» What is needed: With the pictures left out, set down the line containing "商品名称:沐妍家纺 2024新款重工刺绣绣花纯色牛奶绒四件套皇冠-宝石蓝" and each line after it to the end of the material, exactly as written.

» Supplied information:
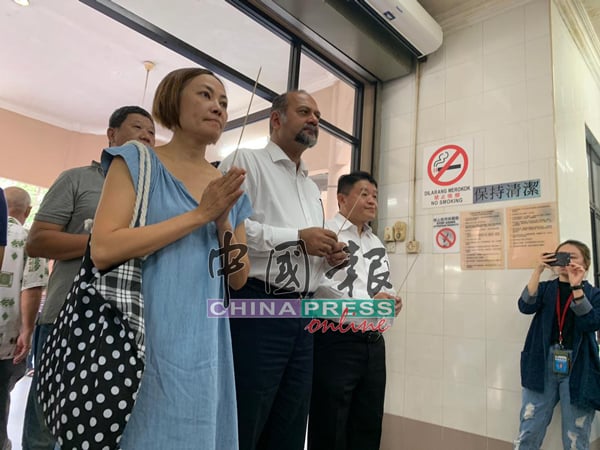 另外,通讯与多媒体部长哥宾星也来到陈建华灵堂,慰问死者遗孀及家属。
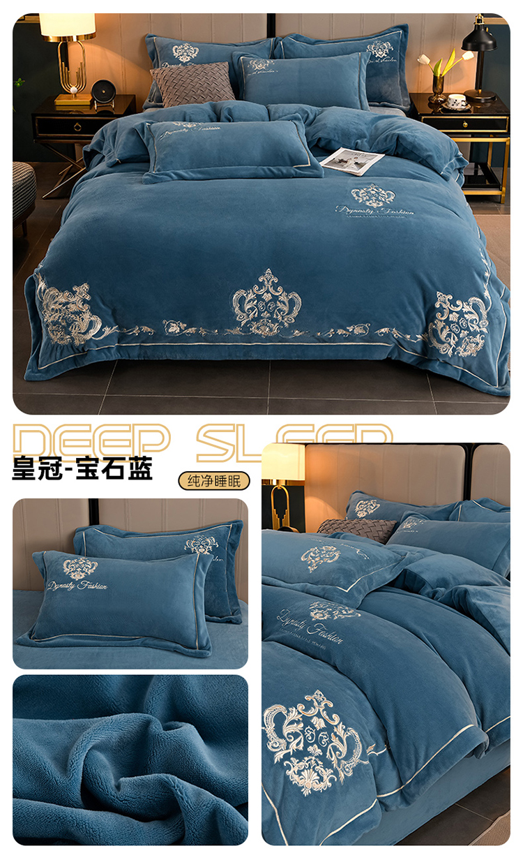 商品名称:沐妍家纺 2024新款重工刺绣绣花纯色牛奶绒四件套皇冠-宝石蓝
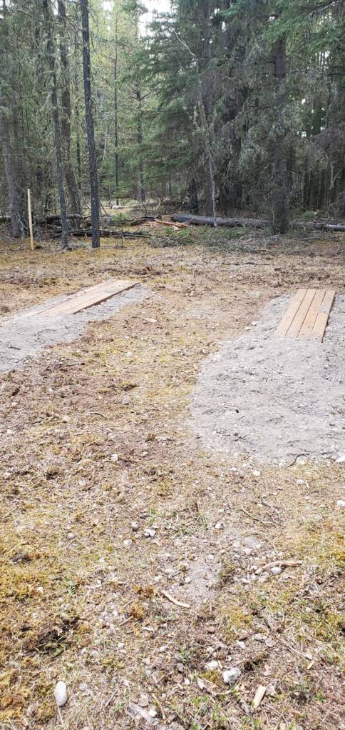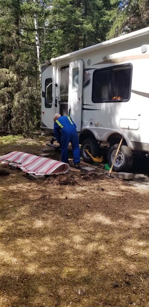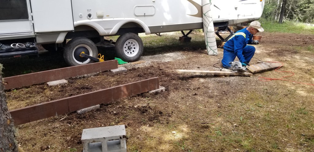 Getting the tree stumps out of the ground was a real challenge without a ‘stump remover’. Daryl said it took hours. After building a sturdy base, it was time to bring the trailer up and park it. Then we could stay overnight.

» Written response:
 商品名称:沐妍家纺 2024新款重工刺绣绣花纯色牛奶绒四件套皇冠-宝石蓝
 Getting the tree stumps out of the ground was a real challenge without a ‘stump remover’. Daryl said it took hours. After building a sturdy base, it was time to bring the trailer up and park it. Then we could stay overnight.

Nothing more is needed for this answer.